Kim Dotcom, the founder of now defunct cloud storage/streaming service Megaupload, announced today that he’s suing the New Zealand government for illegally spying on him and raiding his home in 2012.
The lawsuit is somewhat significant because New Zealand authorities were acting against Dotcom at the request of the U.S., which claimed that Megaupload was responsible for $500 million in harm to copyright owners while generating more than $175 million from the business. While I find it hard to believe anyone could make the case that Megaupload wasn’t facilitating piracy and copyright infringement, the company itself wasn’t directly responsible for those crimes — making the U.S.’s anti-piracy efforts look overly extreme.

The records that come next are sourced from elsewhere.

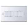 This is the Selectric 10 Amp 6 Gang 2 Way Plate Switch X-Rated in Polished Chrome with White Inserts. Designed for lighting circuits, it is X-rated for fluorescent or inductive loads, making it suitable for installations with higher inrush currents.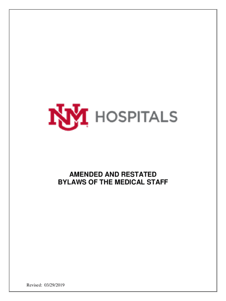 AMENDED AND RESTATED BYLAWS OF THE MEDICAL STAFFRevised: 03/29/2019University of New Mexico Hospitals AMENDED AND RESTATED BYLAWS OF THE MEDICAL STAFF Table of Contents Preamble .................................................................................................................
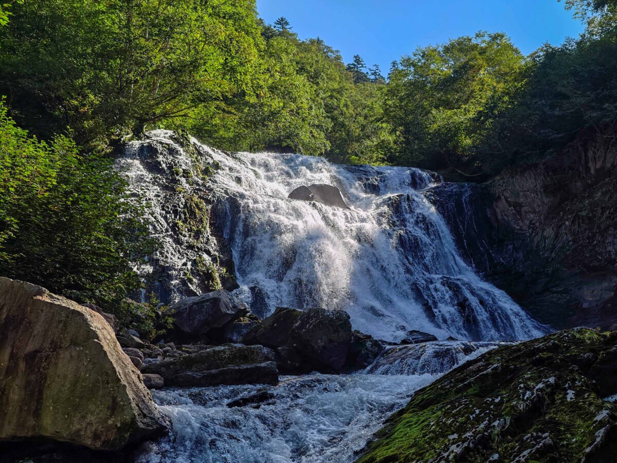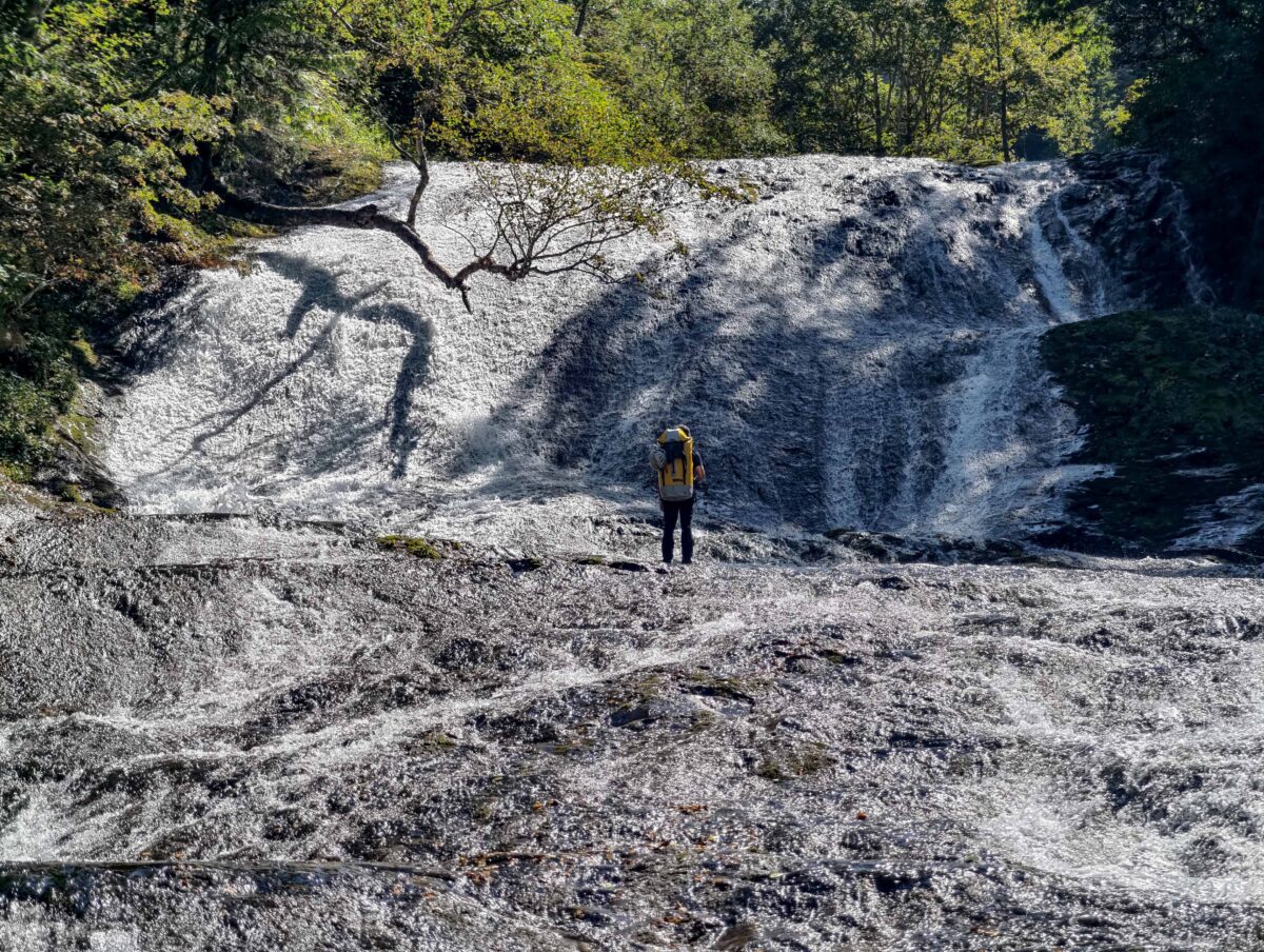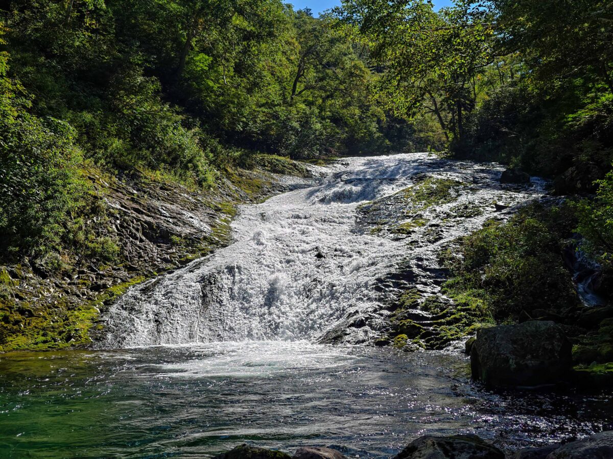幅数十メートルの滑床いっぱいに流れる水流が午前の陽を反射し、白銀に輝いている。時折現れる釜に注がれる水流は、息を呑むような極彩色を発し、また白銀の水流となって流れ出る。どこまでも続く滑床は天国への道のようだ。

Dotcom is asking for $7 million in damages from police and GCSB (a federal NZ security agency) for what he describes as “excessively aggressive and invasive approach” in its pursuit of Megaupload, according the New Zealand Herald. The lawsuit’s claims are based on court documents of the raid against Dotcom that were recently unsealed.
In the suit, Dotcom alleges that he was being spied on and prosecuted using data collected by multiple security agencies in the U.S., U.K., Canada, and Australia. He also details the raid on his home, which included helicopters, armed authorities, and keeping his pregnant wife from seeing their children. (For those who are curious, a video of the raid on Dotcom itself can be viewed online.)